[Start of Attachment]

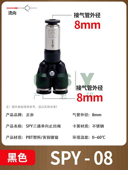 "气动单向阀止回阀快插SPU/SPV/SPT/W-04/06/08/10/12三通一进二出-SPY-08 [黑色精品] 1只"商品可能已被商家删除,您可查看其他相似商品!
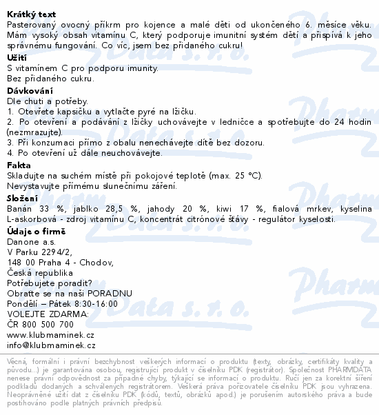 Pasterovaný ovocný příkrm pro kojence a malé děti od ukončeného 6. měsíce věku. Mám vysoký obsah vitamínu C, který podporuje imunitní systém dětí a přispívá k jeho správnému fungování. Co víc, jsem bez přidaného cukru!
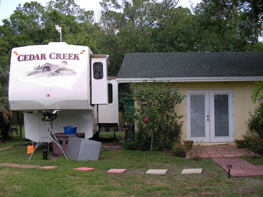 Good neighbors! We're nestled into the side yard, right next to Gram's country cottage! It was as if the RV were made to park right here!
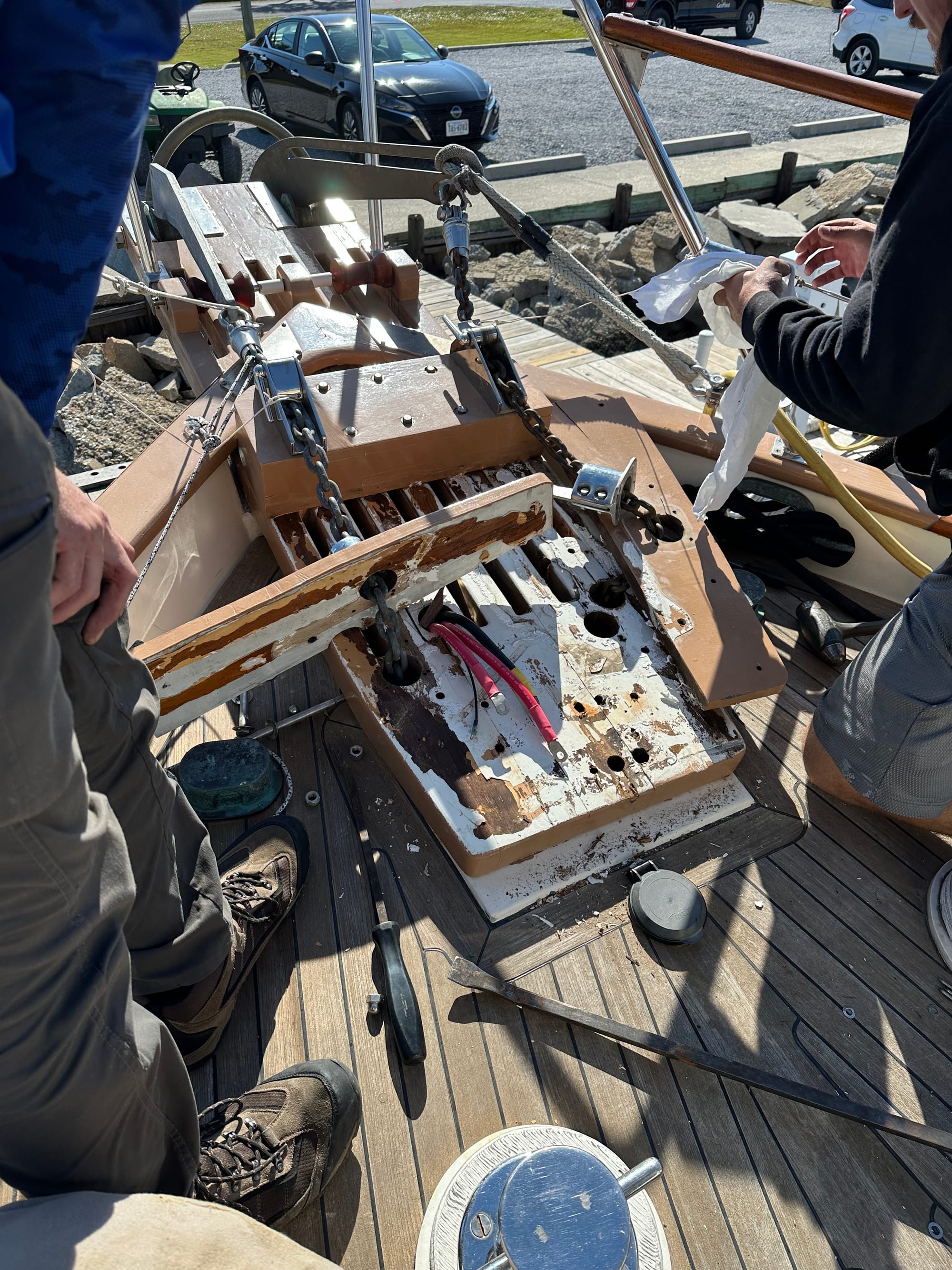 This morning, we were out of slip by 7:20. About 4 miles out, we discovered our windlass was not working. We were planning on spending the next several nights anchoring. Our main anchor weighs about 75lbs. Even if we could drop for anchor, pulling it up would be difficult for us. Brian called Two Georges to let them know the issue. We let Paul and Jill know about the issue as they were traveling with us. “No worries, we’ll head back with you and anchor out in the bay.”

[End of Attachment]

Instructions to follow ->
With the pictures set aside, write out the whole listing exactly.

Answer to the exercise ->
 "气动单向阀止回阀快插SPU/SPV/SPT/W-04/06/08/10/12三通一进二出-SPY-08 [黑色精品] 1只"商品可能已被商家删除,您可查看其他相似商品!
 Pasterovaný ovocný příkrm pro kojence a malé děti od ukončeného 6. měsíce věku. Mám vysoký obsah vitamínu C, který podporuje imunitní systém dětí a přispívá k jeho správnému fungování. Co víc, jsem bez přidaného cukru!
 Good neighbors! We're nestled into the side yard, right next to Gram's country cottage! It was as if the RV were made to park right here!
 This morning, we were out of slip by 7:20. About 4 miles out, we discovered our windlass was not working. We were planning on spending the next several nights anchoring. Our main anchor weighs about 75lbs. Even if we could drop for anchor, pulling it up would be difficult for us. Brian called Two Georges to let them know the issue. We let Paul and Jill know about the issue as they were traveling with us. “No worries, we’ll head back with you and anchor out in the bay.”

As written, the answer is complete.